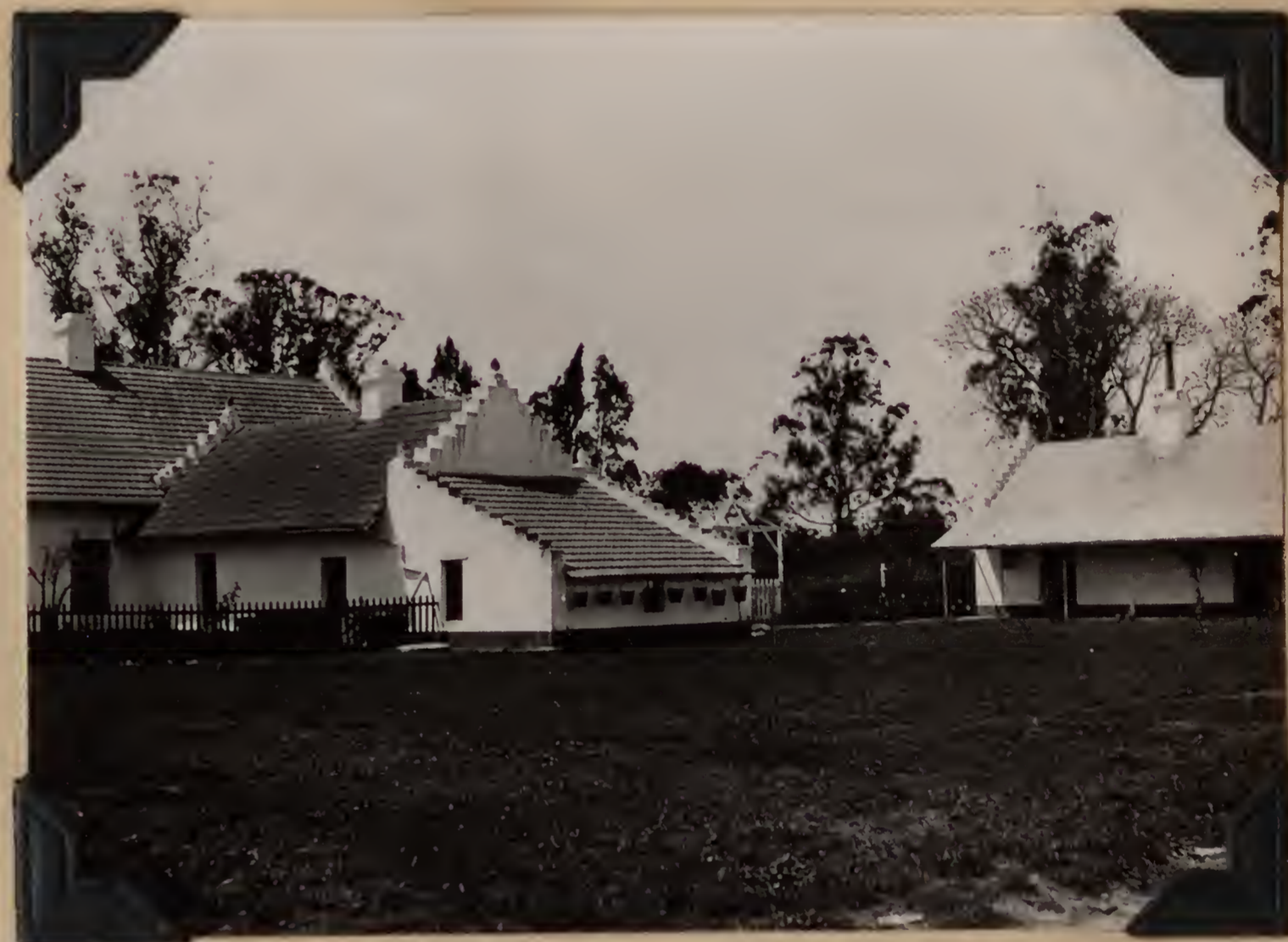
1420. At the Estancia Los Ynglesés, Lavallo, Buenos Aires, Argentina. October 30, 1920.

==

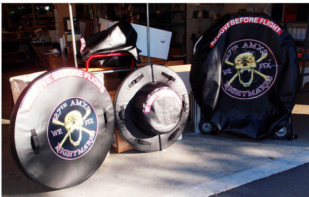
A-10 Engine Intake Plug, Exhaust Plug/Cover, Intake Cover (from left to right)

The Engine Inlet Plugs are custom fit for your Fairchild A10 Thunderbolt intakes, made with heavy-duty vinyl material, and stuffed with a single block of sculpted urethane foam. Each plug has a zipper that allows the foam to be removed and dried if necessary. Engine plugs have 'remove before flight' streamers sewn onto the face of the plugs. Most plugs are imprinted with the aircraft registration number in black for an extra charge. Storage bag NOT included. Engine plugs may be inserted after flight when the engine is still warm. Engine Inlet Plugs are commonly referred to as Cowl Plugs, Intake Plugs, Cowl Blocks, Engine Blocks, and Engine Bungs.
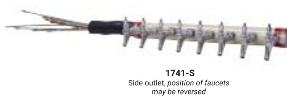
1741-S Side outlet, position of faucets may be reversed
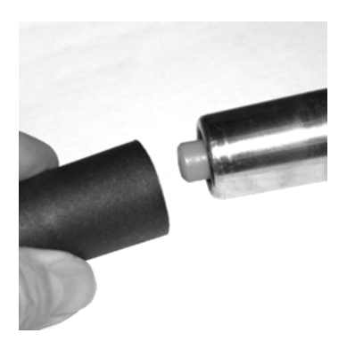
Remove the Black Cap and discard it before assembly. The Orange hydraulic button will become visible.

TASK DETAILS:
Using the listing above, reproduce word for word every line from the one containing "The Engine Inlet" through the one containing "1741-S Side outlet, position". Pictures must be left out.

ANSWER FOR THIS EXERCISE:
The Engine Inlet Plugs are custom fit for your Fairchild A10 Thunderbolt intakes, made with heavy-duty vinyl material, and stuffed with a single block of sculpted urethane foam. Each plug has a zipper that allows the foam to be removed and dried if necessary. Engine plugs have 'remove before flight' streamers sewn onto the face of the plugs. Most plugs are imprinted with the aircraft registration number in black for an extra charge. Storage bag NOT included. Engine plugs may be inserted after flight when the engine is still warm. Engine Inlet Plugs are commonly referred to as Cowl Plugs, Intake Plugs, Cowl Blocks, Engine Blocks, and Engine Bungs.
1741-S Side outlet, position of faucets may be reversed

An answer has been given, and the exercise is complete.